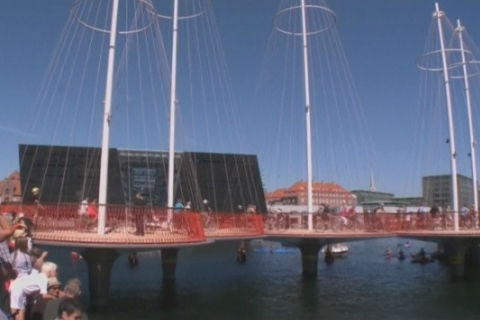 【新唐人亞太台 2015 年 08 月 30 日訊】橋都是長條形的嗎?8月22日星期六,幾千名的民眾參加了丹麥首都哥本哈根(Copenhagen)新地標:五座交連的圓圈橋(the Circle Bridge)的開幕典禮。
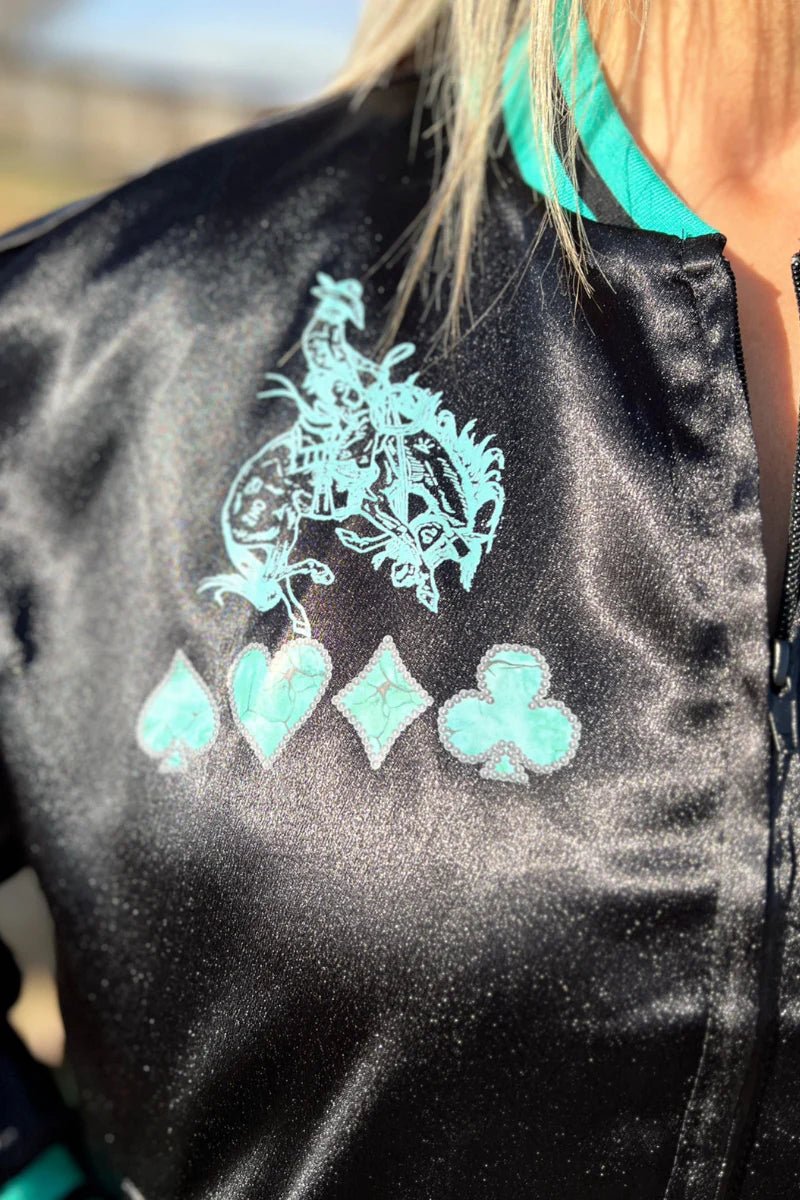 Stay stylish and warm with our Double Down Bomber Jacket. The cute silky material and turquoise accents elevate your look, while the bronco design adds a touch of uniqueness. Perfect for any fashion-forward individual who also wants to stay cozy.
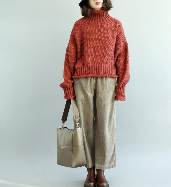 High Collar Short loose Style Women Tops Woolen Knit Sweater
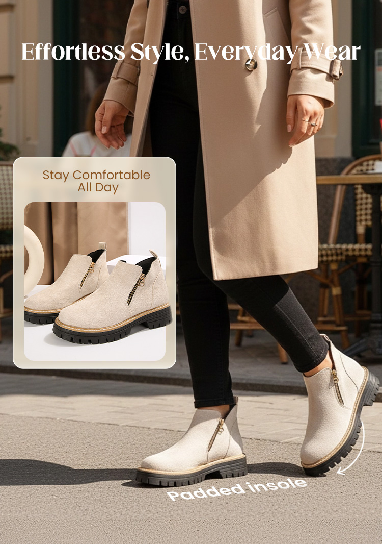 🔥Black-Friday-Mega-Angebot – 50 % Rabatt!🥾✨Damenschuhe mit runder Spitze und Reißverschluss, für alle Fußformen geeignet
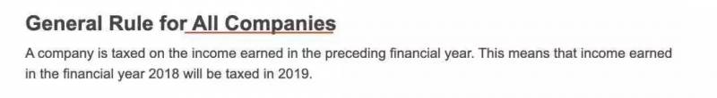新加坡的税务机构对所有公司上一财年的收入征税。比如2018年的收入将在2019年征税。
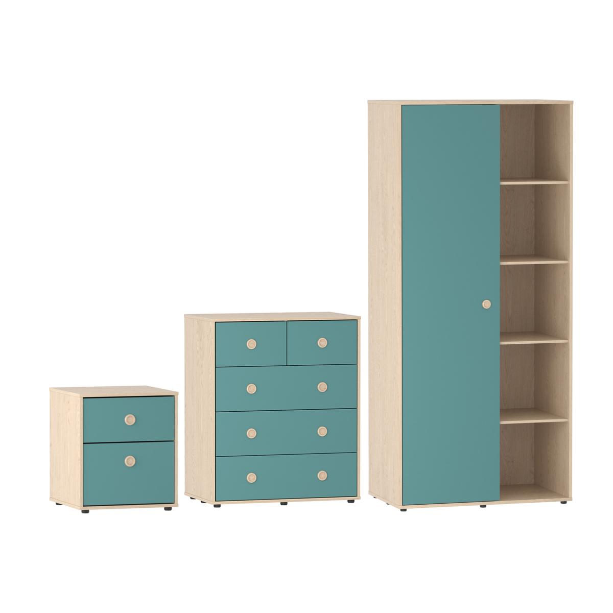 Neptune 3 Piece Bedroom Set - 2 Drawer Bedside Cabinet, 5 Drawer Chest, Wardrobe - Blue and Oak
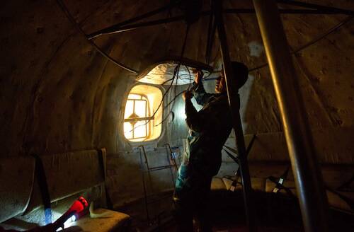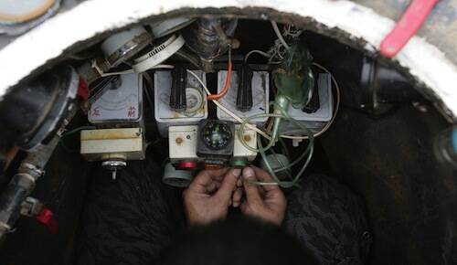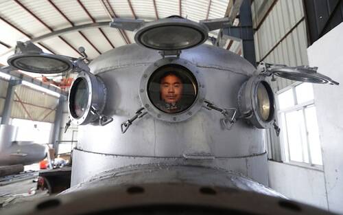 2012年11月14日,湖北武汉,张五一坐在他最新制造的多人潜水艇中。张五一是高中学历,曾是湖北省武汉一家纺织机械厂的工人,2008年下岗后的张五一对制造民用潜艇产生了兴趣,租借原来上班的厂房开始潜艇的研制。“潜艇工厂”有工人10来人,在2011年大连一商人以10万元的价格向张五一订购了一台潜水艇,潜水艇设计工况为海下20-30米并续航10小时。
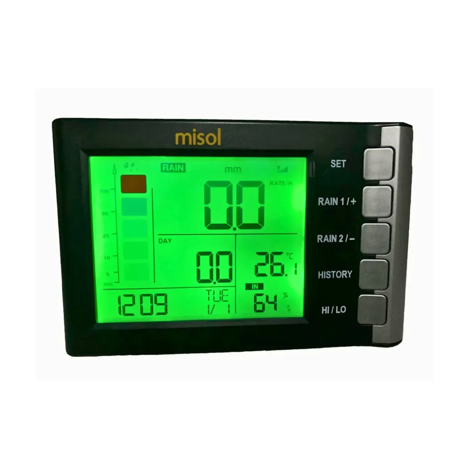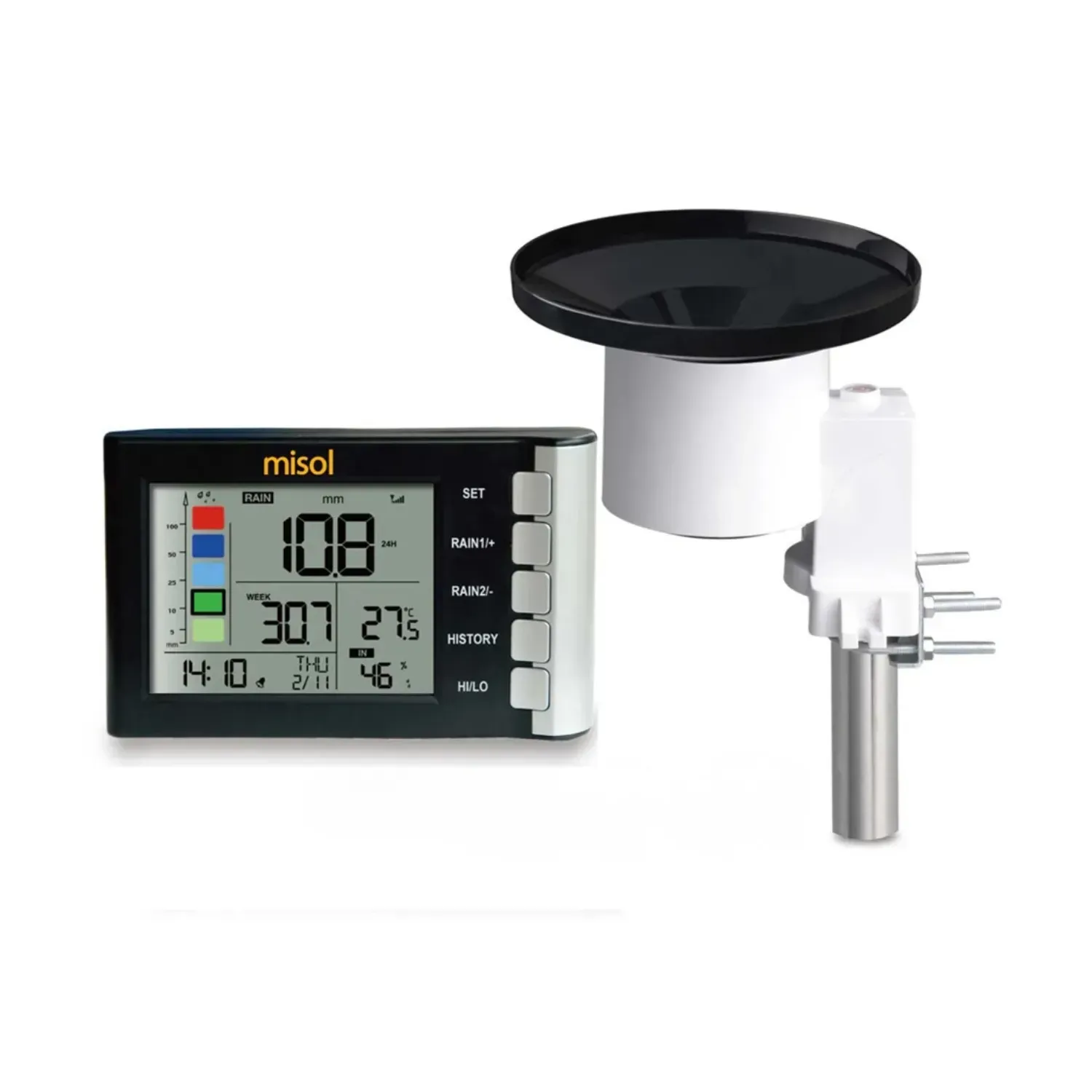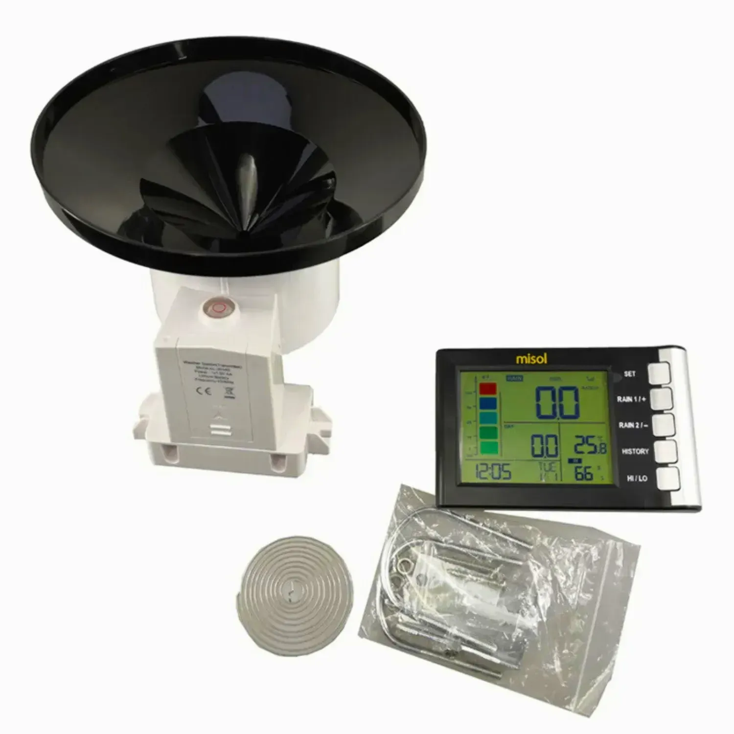 MISOL WH5360 — сучасний цифровий опадомір професійного рівня з високою точністю вимірювань і бездротовим сенсором, що працює на частоті 433 МГц. Пристрій оснащений окремою дисплей-консоллю, яка відображає кількість опадів, а також внутрішні кліматичні параметри — температуру та вологість у приміщенні. Фактично модель виконує функції компактної міні-метеостанції.
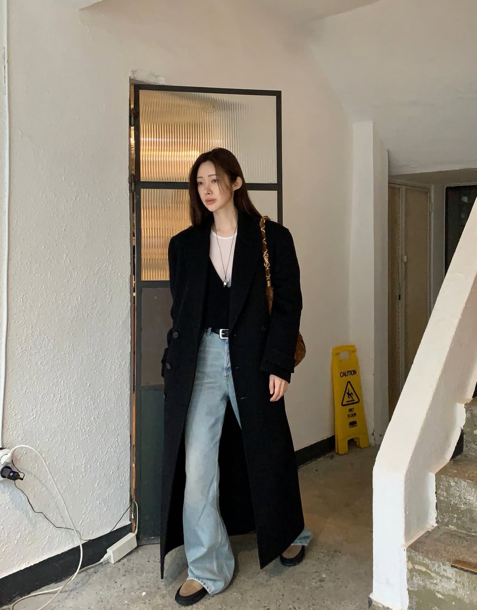 블랙과 연청 데님의 조합은 언제나 옳습니다. 겨울에는 핏이 슬림한 맥시 코트에 매치해보세요. 이너 또한 블랙&화이트로 통일하고 심플한 벨트를 더한 후, 자연스럽게 떨어지는 부츠컷 데님을 입으면 오케이. 이 때, 액세서리는 비슷한 컬러 톤으로 통일하면 룩의 밸런스를 맞출 수 있죠.
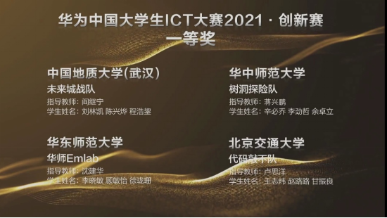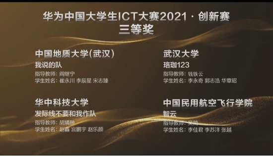 (通讯员刘林凯,阎继宁)近日,华为中国大学生ICT大赛2021全国总决赛落下帷幕,万象城阎继宁老师指导的两支队伍均进入华为中国大学生ICT大赛2021·创新赛全国总决赛,并分别获得一等奖与三等奖的优异成绩。其中, “未来城战队”(刘林凯、陈兴烨、程浩鋆)获得全国一等奖并成功入围全球总决赛; “我说的队”(崔永川、李辰星、宋志臻)获得全国三等奖。
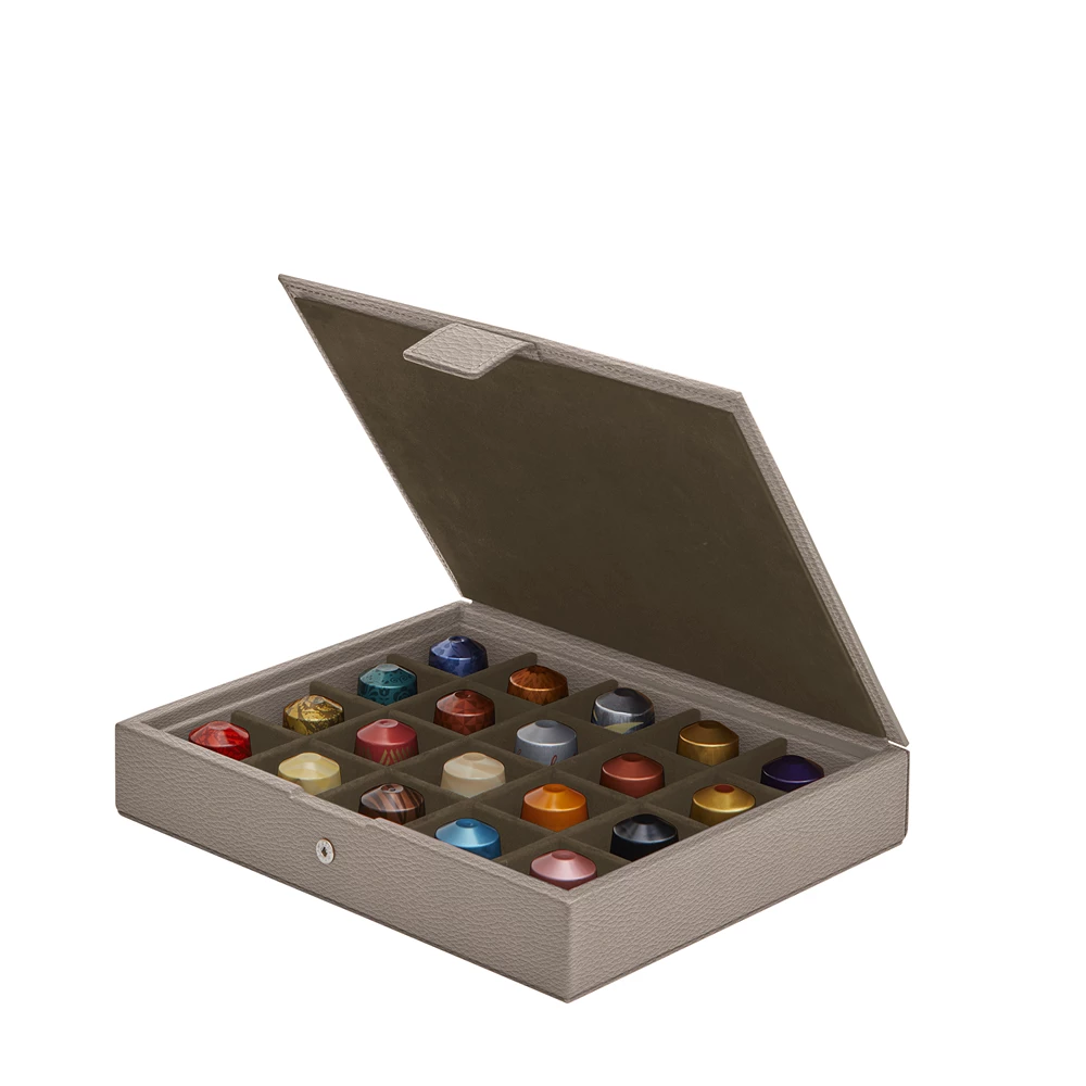 This sumptuous presentation box for Nespresso capsules is made in authentic leather. Welcome your guests by proposing them one of the 20 capsules on display in this beautiful coffee capsules box.

◆ ◆ ◆ ◆ ◆

> [WHAT IS BEING ASKED]
Begin at the first line of the entries above and return each line exactly, stopping after the line that contains "2012年11月14日,湖北". Pictures do not belong in the copy.

> [FINISHED TASK]
 【新唐人亞太台 2015 年 08 月 30 日訊】橋都是長條形的嗎?8月22日星期六,幾千名的民眾參加了丹麥首都哥本哈根(Copenhagen)新地標:五座交連的圓圈橋(the Circle Bridge)的開幕典禮。
 Stay stylish and warm with our Double Down Bomber Jacket. The cute silky material and turquoise accents elevate your look, while the bronco design adds a touch of uniqueness. Perfect for any fashion-forward individual who also wants to stay cozy.
 High Collar Short loose Style Women Tops Woolen Knit Sweater
 🔥Black-Friday-Mega-Angebot – 50 % Rabatt!🥾✨Damenschuhe mit runder Spitze und Reißverschluss, für alle Fußformen geeignet
新加坡的税务机构对所有公司上一财年的收入征税。比如2018年的收入将在2019年征税。
 Neptune 3 Piece Bedroom Set - 2 Drawer Bedside Cabinet, 5 Drawer Chest, Wardrobe - Blue and Oak
 2012年11月14日,湖北武汉,张五一坐在他最新制造的多人潜水艇中。张五一是高中学历,曾是湖北省武汉一家纺织机械厂的工人,2008年下岗后的张五一对制造民用潜艇产生了兴趣,租借原来上班的厂房开始潜艇的研制。“潜艇工厂”有工人10来人,在2011年大连一商人以10万元的价格向张五一订购了一台潜水艇,潜水艇设计工况为海下20-30米并续航10小时。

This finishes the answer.